The data below is to be written out exactly, with no pictures.

• STORED DATA
────

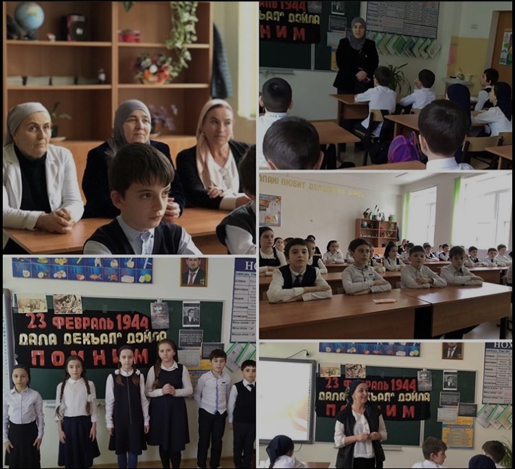 Классный час на тему: «Чечено-ингушская депортация 1944 года. Помним. Скорбим» прошёл в 4 «б» классе под руководством Джабраиловой Розы Атиевны. Все дети увлечённо слушали, а после выступили с подготовленными номерами.
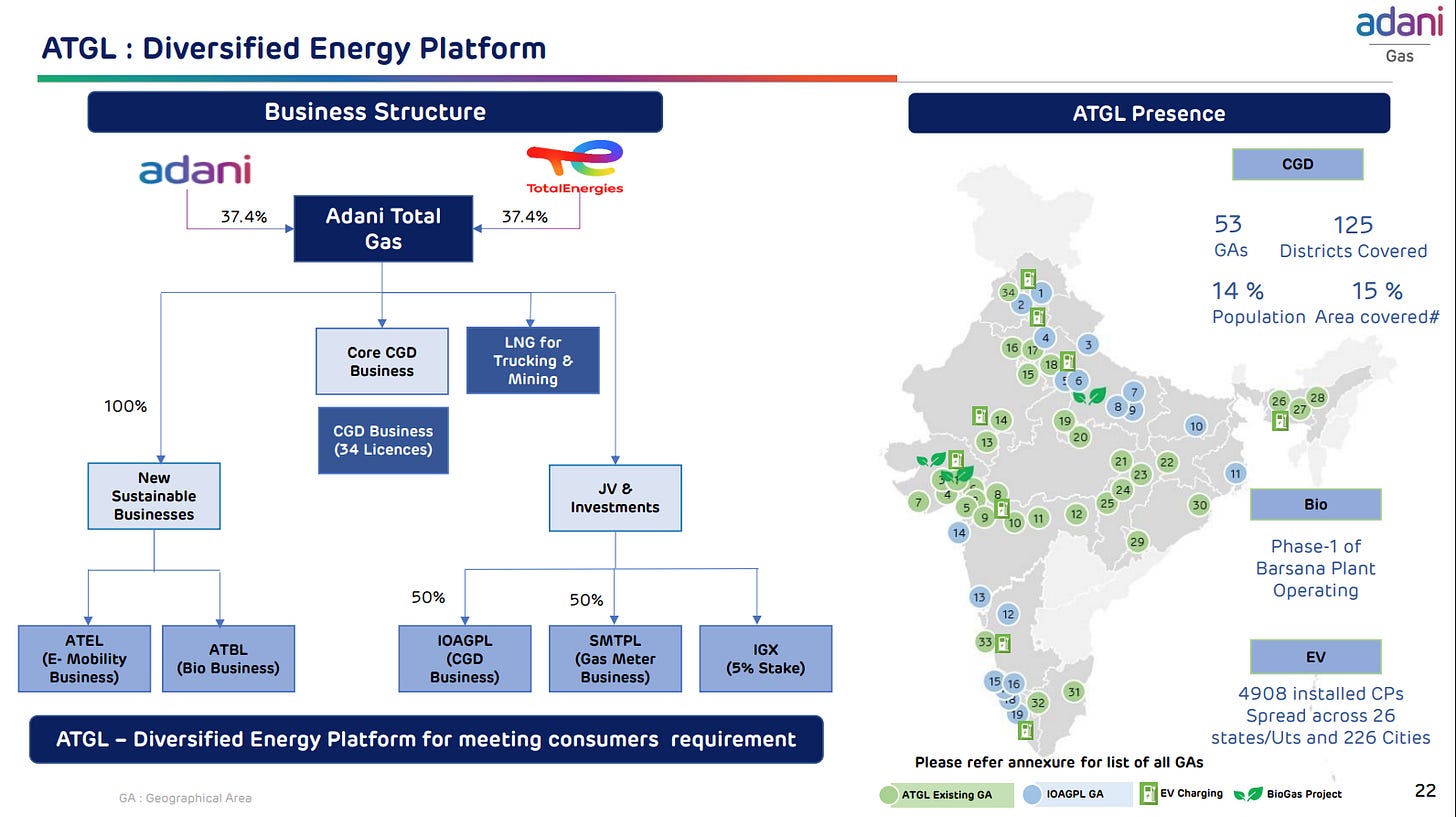 Adani Total Gas is positioning itself as more than just a city gas distributor—evolving into a diversified energy platform spanning core CGD, LNG, EV charging, and bio energy. While the core CGD business (34 licenses across 53 GAs) remains the backbone, the structure shows a clear push into adjacencies through JVs and new-age businesses, signalling a broader play on India’s energy transition rather than a pure gas utility story.
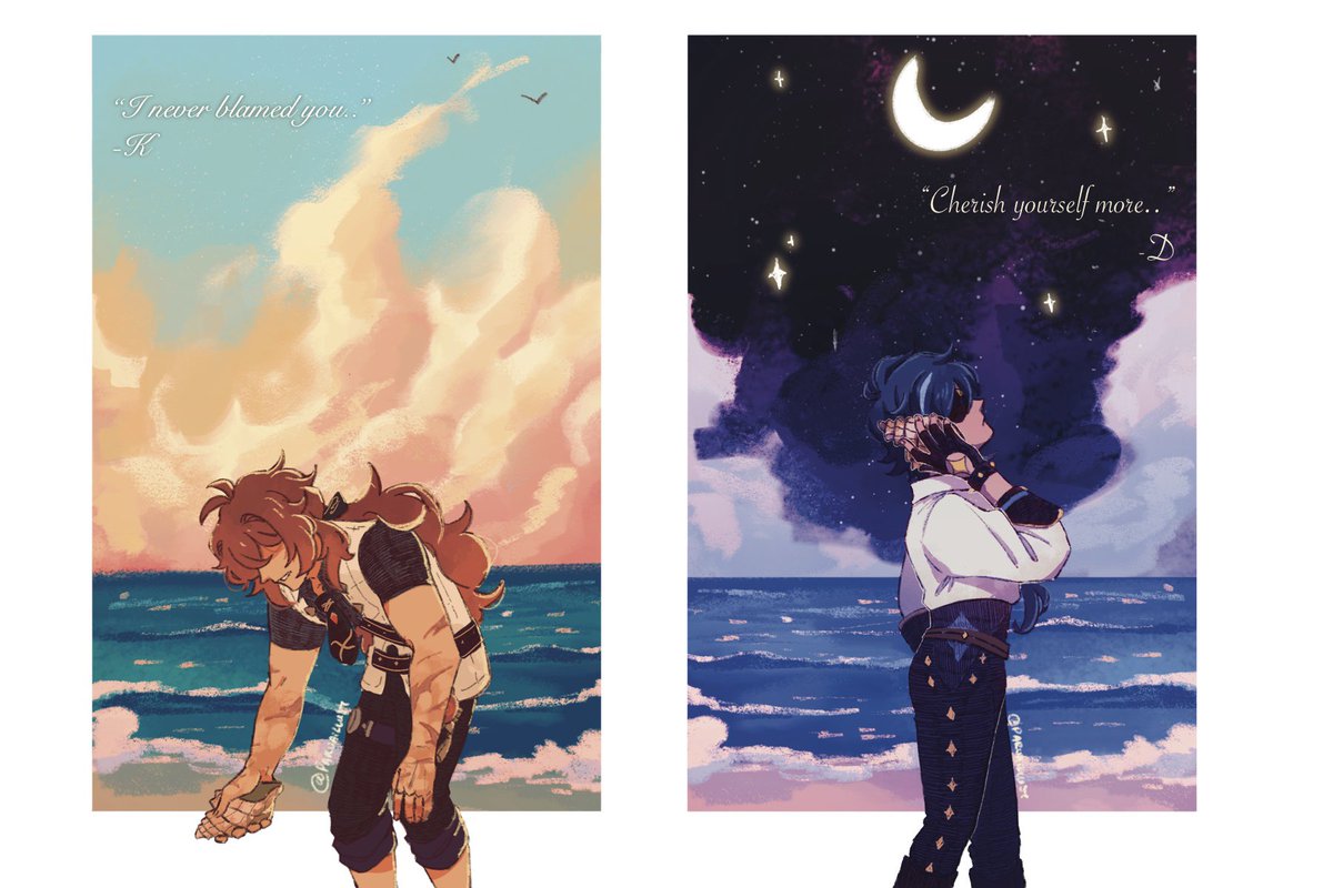 Day 1- seashells/ beach The lines based from the letters in Hidden strife event! Idk i just think those are the words they want to hear from the other person 🥺 #ragbrosweek2022 #Diluc #Kaeya

────

• THE ANSWER
 Классный час на тему: «Чечено-ингушская депортация 1944 года. Помним. Скорбим» прошёл в 4 «б» классе под руководством Джабраиловой Розы Атиевны. Все дети увлечённо слушали, а после выступили с подготовленными номерами.
 Adani Total Gas is positioning itself as more than just a city gas distributor—evolving into a diversified energy platform spanning core CGD, LNG, EV charging, and bio energy. While the core CGD business (34 licenses across 53 GAs) remains the backbone, the structure shows a clear push into adjacencies through JVs and new-age businesses, signalling a broader play on India’s energy transition rather than a pure gas utility story.
 Day 1- seashells/ beach The lines based from the letters in Hidden strife event! Idk i just think those are the words they want to hear from the other person 🥺 #ragbrosweek2022 #Diluc #Kaeya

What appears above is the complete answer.